HLTH 202: Health Across the Lifespan II
This course provides students with an integrated approach to understanding age-related changes of health during adolescence and adulthood in a cross-cultural context including health of indigenous populations. Special emphasis will be placed on using critical thinking to evaluate scientific research related to developmental origins of health beyond the childhood years. Themes covered include determinants of adolescent, adult, and geriatric health, the role of cultural considerations in healthy aging and dealing with death as part of the lifecycle. Prerequisite: HLTH 201. Three credits.

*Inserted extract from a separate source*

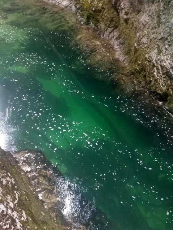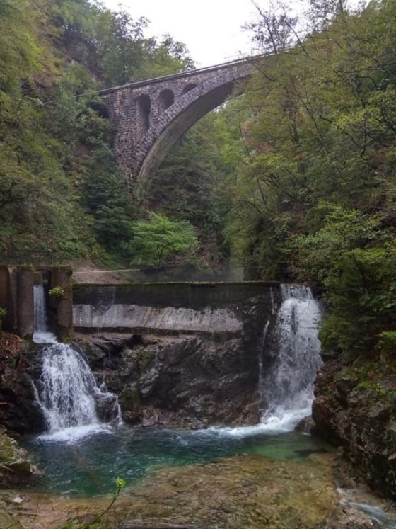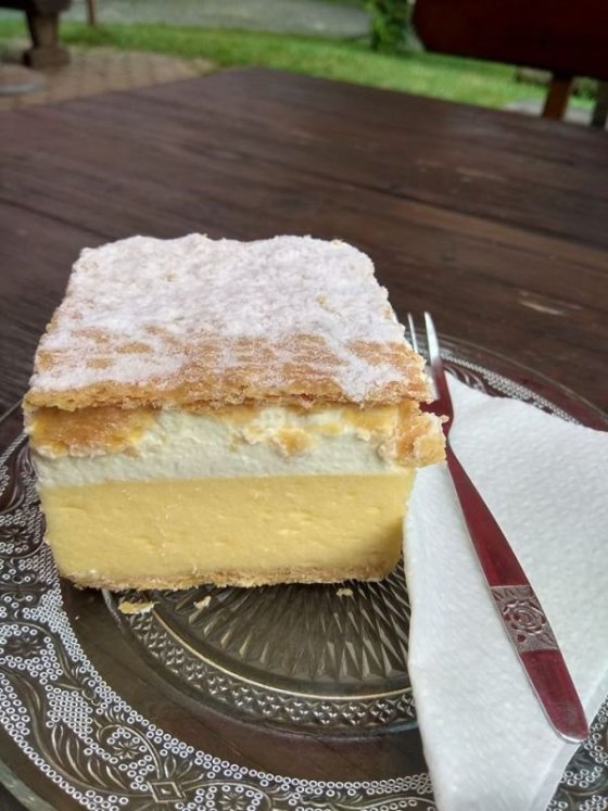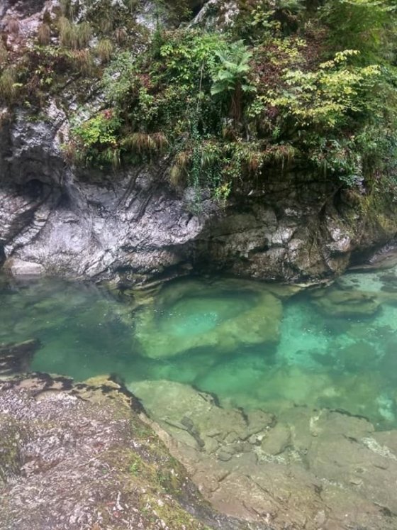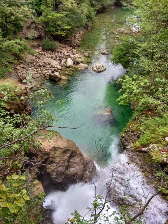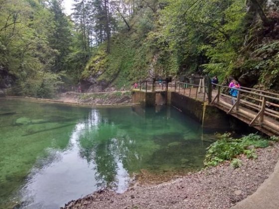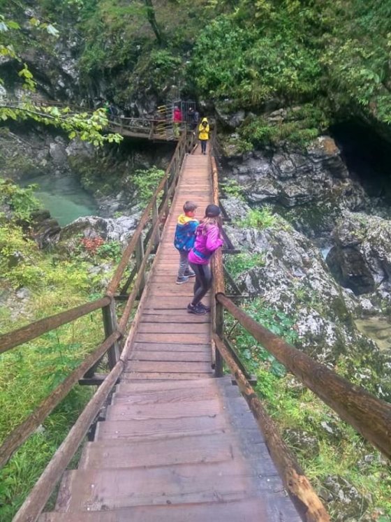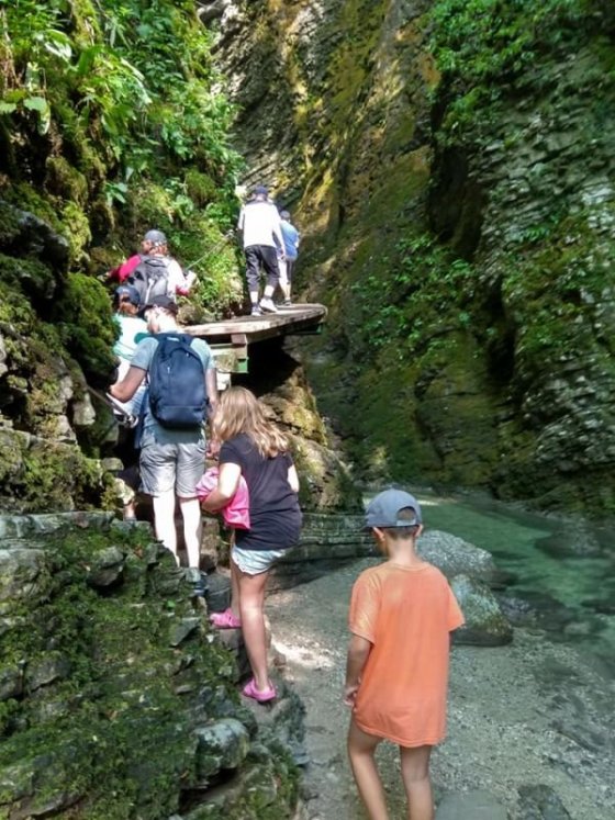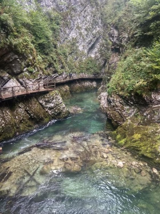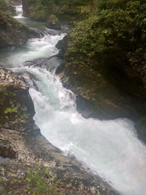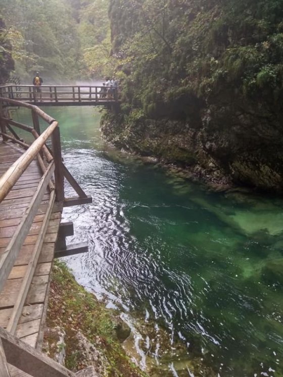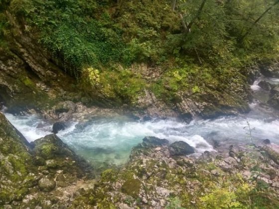 Další den bylo dost pod mrakem, ale poměrně teplo a bez deště, vyrážíme tedy na celodenní pěší výlet k soutěskám Vintgar. Vzhledem k nejistému počasí tu bylo minimum lidí, byl to moc pěkný výlet. Cestou zpět jsme zastavili v restauraci Jurček, vedle krásného kostelíku sv. Katariny, ochutnat místní specialitu - sladkou kremšnitu a burger z pljeskavice.

HLTH 203: Introduction to Health Research Methods
An introduction to quantitative and qualitative research methods used to study health-related topics. A range of study designs will be discussed, with consideration to characteristics such as levels of measurement, sampling approaches, and data collection/generation techniques. The importance of research within the field of health, as well as strengths and weaknesses of different techniques, will be addressed. Discipline-specific methodology will be introduced, such as epidemiology, evidence-based practice, program evaluation, and public health research. Credit will be granted for only one of HLTH 203 and another research methods course (exception PSYC 291). Prerequisite: STAT 101 and second year BASc in Health status. Three credits and lab. It is strongly recommended that you complete this course prior to taking HLTH301 and 302.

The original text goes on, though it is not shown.